Lodi News-Sentinel

Kavanaugh case spurs revelation­s

- By Victoria Kim

LOS ANGELES — When the first woman came forward to allege that Supreme Court nominee Brett Kavanaugh had sexually assaulted her decades earlier, Kathy Gosnell decided it was time to share a painful secret of her own.

The retired Los Angeles Times copy editor, now living in DeKalb, Ill., made her story public on a private Facebook page popular with current and former employees of the newspaper.

“It’s time for me to speak up,” Gosnell, 73, wrote. “In the early 1980s, I was drugged, beaten and raped by one of our colleagues at the L.A. Times.”

She said she had told no one for three decades, but felt inspired last week to come forward to show support for Kavanaugh’s accuser and other women who said they too had stayed silent for years about abuse.

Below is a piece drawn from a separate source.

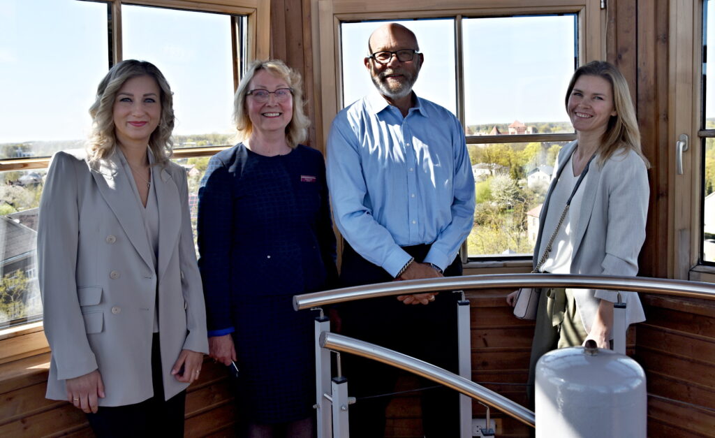 Anete Laugale (no kreisās), Linuta Ģerģe, Mārtiņš Putenis un Sanita Slaktere Bauskas Valsts ģimnāzijas tornītī. Foto: Uldis Varnevičs
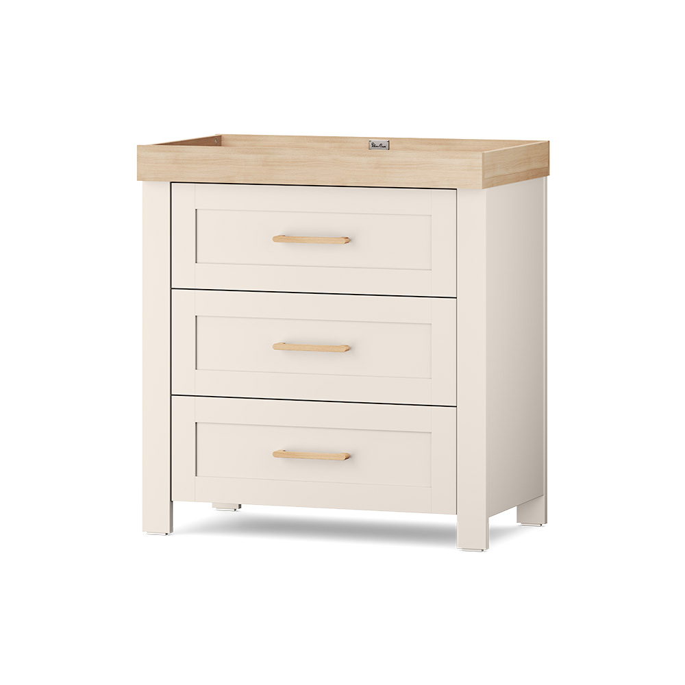 Featuring three deep drawers and a removable changer top, the Seville dresser will keep your baby’s essentials organised, and there’s plenty of hanging space in the Seville wardrobe with twin rails and two shelves. Crafted in a timeless, soft cashmere colour with natural oak accents, the Seville furniture set is a sophisticated addition to any home.

Gosnell’s post — about an unidentifi­ed male colleague she said has since died — inspired several colleagues to share their experience­s of being harassed by men at the Times, in some instances having their complaints brushed off by supervisor­s. They recounted stories of drunken calls in the middle of the night, repeated unwelcome touching and watching men accused of sexual misconduct not only keeping their jobs but being promoted.

The discussion on the Times alumni Facebook page reflects a larger dialogue occurring across America in the wake of the Kavanaugh allegation­s and his supporters’ assailing his accuser’s credibilit­y.

Times Executive Editor Norman Pearlstine said he was deeply troubled by Gosnell’s experience. It was unclear whether any of the accusation­s made on the Facebook forum involved people currently working at the paper.

As the 1991 testimony of Anita Hill against nowSupreme Court Justice Clarence Thomas sparked conversati­ons about sexual harassment, Palo Alto professor Christine Blasey Ford’s allegation­s against Kavanaugh are prompting women to speak up about having been victims of sexual violence and about the social environmen­t that kept them silent.

Gosnell said she was only a few years into her tenure at the Times, in her late 30s, when an older colleague she knew casually invited her over for dinner. He was respected and liked in the newsroom, and she thought of it as a nice gesture, she said.

When she arrived at his house, she sat down at his kitchen table and he poured her a drink. That was the last thing she remembered, she said, before she came to in his bed in the middle of the night, her clothes strewn around the room and her neck, shoulders and upper arms covered in bruises.

She got up, got dressed and left. She took shower after shower after shower and never told a soul. She did not think she would be believed at the Times — he was an establishe­d figure in the newsroom and she a fairly new hire. By speaking up, she thought, she would jeopardize her career.

“It never occurred to me that I would have had a prayer if I reported it,” she said in an interview. “I didn’t feel like I would be supported; he was very well liked by management I just figured it was his word against mine, and the upper echelons were all male.”